As of January 2015, more than 900 potential witnesses had been interviewed. Nine people from various towns in East Anglia were arrested and bailed by officers investigating Attfield's murder. Det Supt Hawkings, Head of Major Crimes for Essex Police called the attack "brazen" for occurring in a public space where passersby were likely. Police said that despite no firm evidence, one line of enquiry in the murder of Almanea was a possible hate crime. During the trial, by which time it was known that Almanea and Attfield were killed by the same person, it was announced that both had been selected randomly. Premature assumptions that it was a hate crime led the Islamic State of Iraq and the Levant (ISIL) to threaten revenge attacks, using the Twitter hashtag #Colchester.

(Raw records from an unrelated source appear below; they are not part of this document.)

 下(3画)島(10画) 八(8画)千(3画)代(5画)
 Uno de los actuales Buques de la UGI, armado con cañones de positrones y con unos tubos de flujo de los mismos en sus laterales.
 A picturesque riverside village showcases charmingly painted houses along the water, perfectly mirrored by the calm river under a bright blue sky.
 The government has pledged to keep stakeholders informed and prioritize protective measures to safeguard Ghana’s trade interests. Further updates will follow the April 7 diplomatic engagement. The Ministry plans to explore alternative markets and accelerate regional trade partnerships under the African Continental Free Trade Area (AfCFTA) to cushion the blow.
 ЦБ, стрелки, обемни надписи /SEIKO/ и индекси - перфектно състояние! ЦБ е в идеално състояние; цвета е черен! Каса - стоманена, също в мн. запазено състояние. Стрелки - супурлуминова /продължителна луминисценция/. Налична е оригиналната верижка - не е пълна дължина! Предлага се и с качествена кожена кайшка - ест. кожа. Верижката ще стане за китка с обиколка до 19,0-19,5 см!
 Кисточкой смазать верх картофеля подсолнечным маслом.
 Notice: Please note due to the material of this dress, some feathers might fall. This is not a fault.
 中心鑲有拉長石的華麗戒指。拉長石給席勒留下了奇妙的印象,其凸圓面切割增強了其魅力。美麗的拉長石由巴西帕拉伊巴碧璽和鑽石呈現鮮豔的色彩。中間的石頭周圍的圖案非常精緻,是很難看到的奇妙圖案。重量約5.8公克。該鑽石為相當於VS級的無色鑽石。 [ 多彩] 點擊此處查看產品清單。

The fact that Almanea and Attfield were unconnected people, and had been killed at different times of the day, led to a line of investigation that there could have been two separate killers. Fewer people went out in Colchester in public, and overgrowth was cleared to remove hiding places.

===Arrest and investigation of Fairweather===
Fairweather did not attempt another murder for almost a year because the public were wary of the danger: on 27 May 2015 he was spotted loitering early in the morning by a concerned dogwalker. The police were called and interviewed Fairweather, who was wearing rubber-gripped gloves and bearing a knife. He was arrested. In August 2015, he told a psychiatrist some of the "most anti-social and violent thoughts" the professional had heard, saying that voices were telling him to burn babies and maim prostitutes. Searches of Fairweather's possessions included documentaries about serial killers such as the Yorkshire Ripper, but prosecutor Paul Scothern clarified that not all people with such interests are intent on imitating the killers.

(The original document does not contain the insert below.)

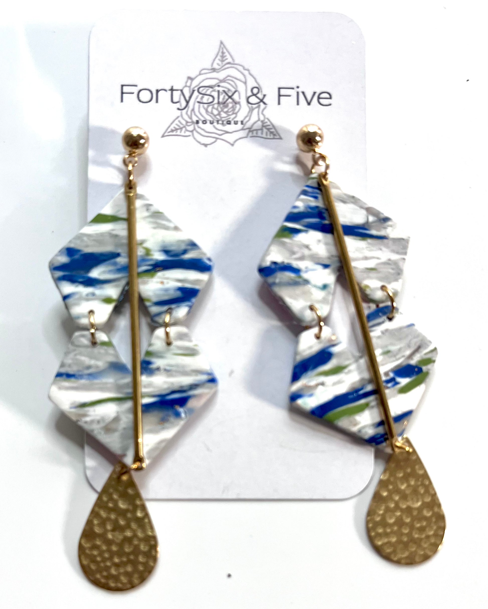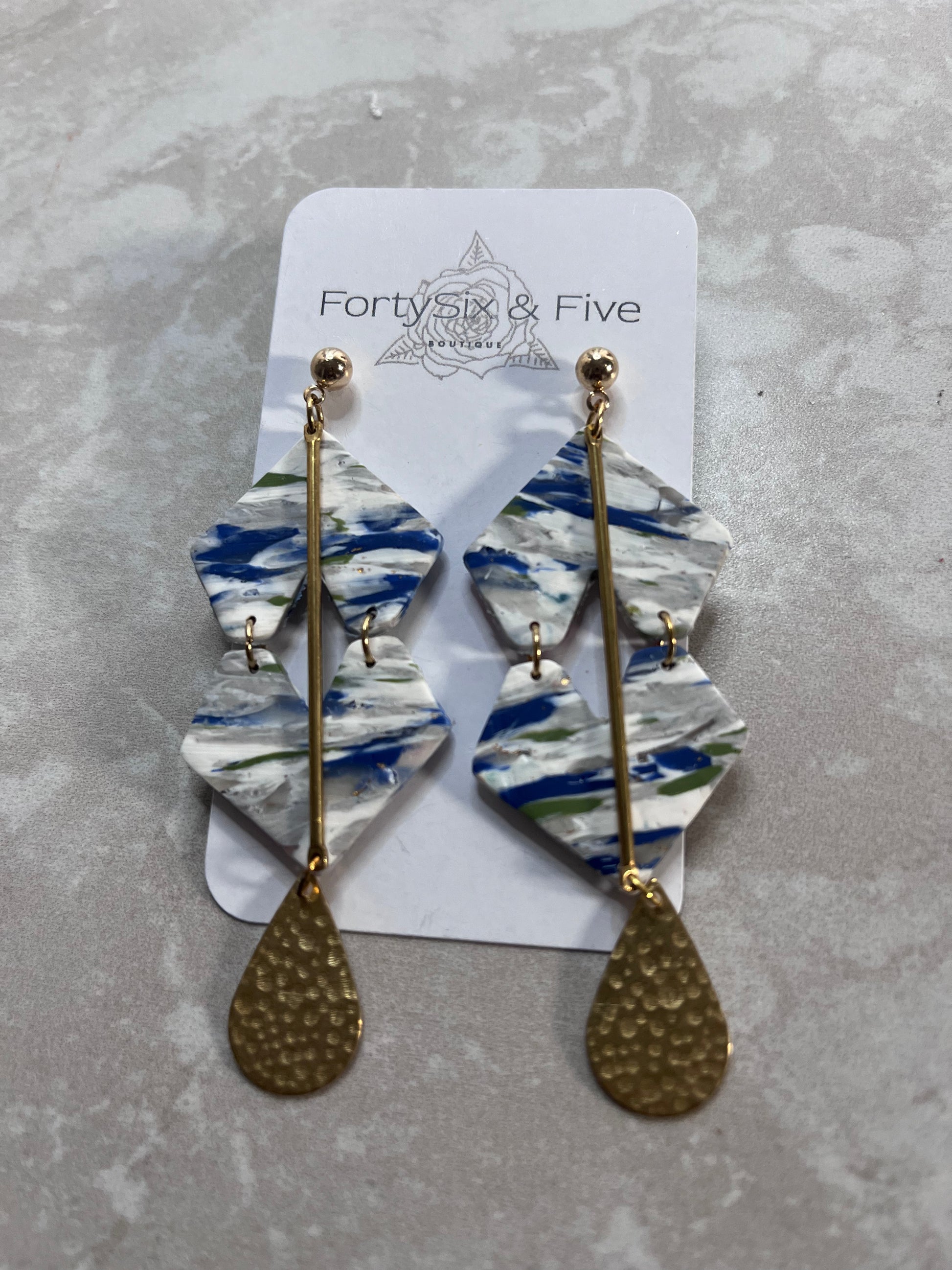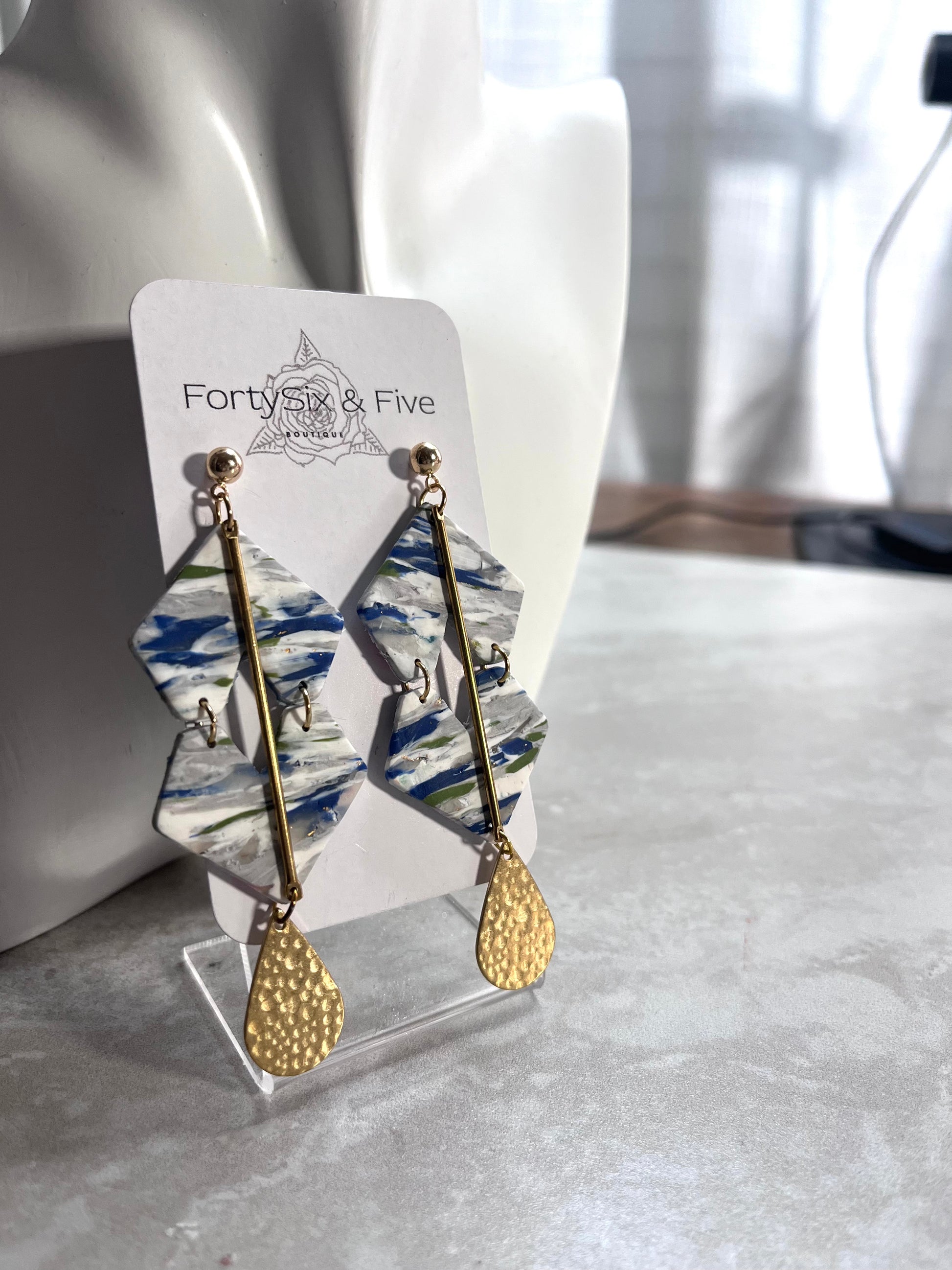 Step out in style with our Prosperity dangles! Made with blue white and grey polymer clay with specks of gold💕💕💕
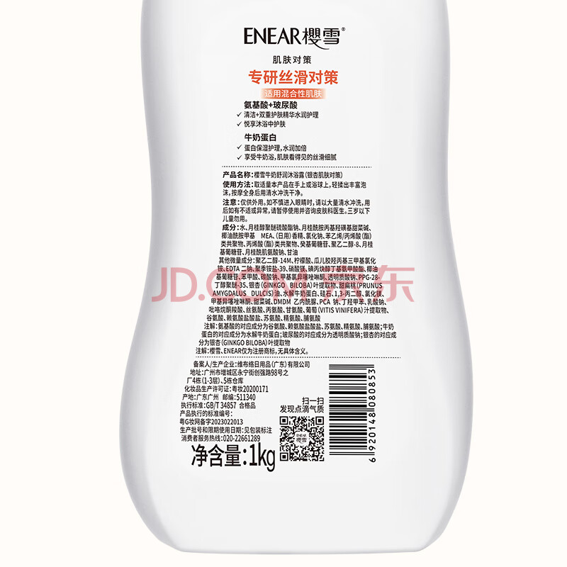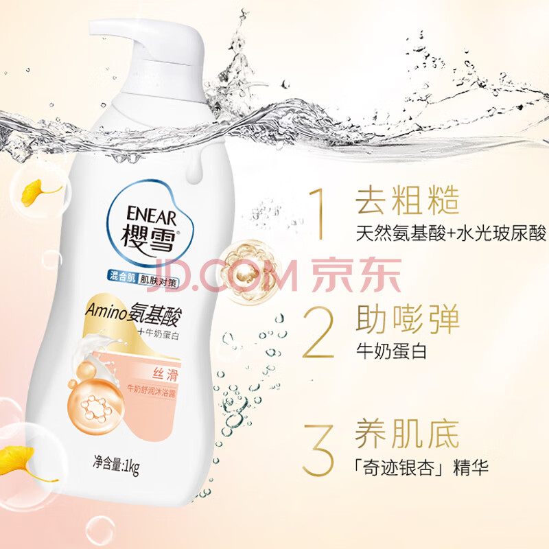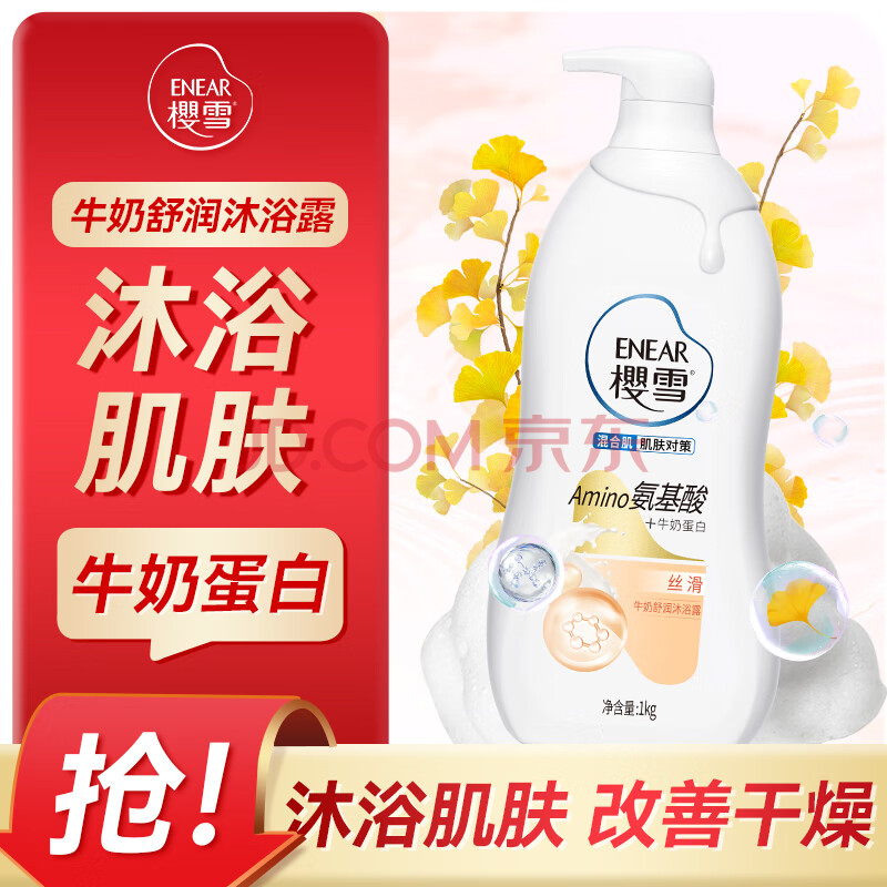 商品相册:樱雪(ENEAR)保湿沐浴露 氨基酸玻尿酸牛奶舒润沐浴乳红颜润养1kg第

===Trial and sentencing===
At the Old Bailey, the following January, his name not disclosed to the public for reasons of age, he denied two charges of murder and possessing an illegal weapon, but admitted to two charges of manslaughter on the grounds of diminished responsibility. Fairweather claimed to have psychosis, which was not found by a court psychiatrist. Fairweather was found unanimously guilty by the jury on 22 April 2016, and was to be sentenced a week later, with Judge Robin Spencer, QC, saying that the minimum sentence would be 12 years.

After the conviction, Attfield's mother Julie decried Fairweather as a "monster", condemning his cruelty to her son.

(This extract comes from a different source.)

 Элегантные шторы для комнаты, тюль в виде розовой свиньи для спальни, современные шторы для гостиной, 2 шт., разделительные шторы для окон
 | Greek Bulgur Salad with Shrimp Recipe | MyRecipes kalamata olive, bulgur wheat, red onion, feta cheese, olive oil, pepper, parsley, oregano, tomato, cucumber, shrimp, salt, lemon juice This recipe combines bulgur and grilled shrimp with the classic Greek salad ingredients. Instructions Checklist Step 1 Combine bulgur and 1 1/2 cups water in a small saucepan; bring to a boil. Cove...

On 29 April 2016, Fairweather was sentenced to life imprisonment with a minimum of 27 years. Fairweather tried to appeal the sentence in September on the grounds of his age, but this was rejected as it was deemed that the judge was aware of both his age and the abnormality of his mental function.

==Documentaries==
The murders were the subject of an episode of Teens Who Kill on CBS Reality in March 2017. It was covered in October 2017 on an episode of Jo Frost on Britain's Killer Kids. In May 2019, the case was covered by Britain's Deadliest Kids on Quest Red, with interviews from relatives, lawyers, the police, councillors and journalists. On 4 July 2022, the case was the subject of an episode of The Real Manhunter on the Sky Crime channel.